In 2008, President Obama signed a law directing that the Secretary of Defense create a commission to honor Vietnam veterans, Howland said.
“It’s taken 40 years for the nation to say thanks,” he said.
The international wreath event was initially prompted by a donation of 5,000 Christmas wreaths at Arlington National Cemetery in 1992. This year, 250,000 wreaths will be laid down there. Myers Mortuary sponsored the event in Weber and Box Elder counties.
Shaun Myers, of Myers Mortuary, said his company was proud to be part of the ceremony, and it meant a lot to him as an individual.

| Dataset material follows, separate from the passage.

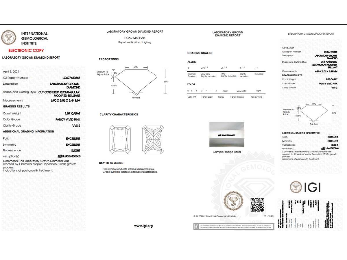 Radiant diamant 1.07ct – fancy vivid pink/vvs2 – igi

“I ask you, if you participate and place a wreath at the grave of one of our heroes, take time to stop and read their name,” Howland said. “Quietly thank them for their service. You just may be the only visitor they’ve had in many years. Give them a few moments of your time.”
Howland is currently spearheading a project to build a Veterans Memorial Park in Ogden.
“It’s a place where someone can sit down with their kids and talk about their fathers and grandfathers,” he said.
Other northern Utah cemeteries participating in included the Ogden City Cemetery, eight Box Elder county cemeteries and several in Salt Lake City. Since all of the ceremonies were held simultaneously, every participating cemetery shared the honor of placing the millionth wreath on a veteran’s grave or monument.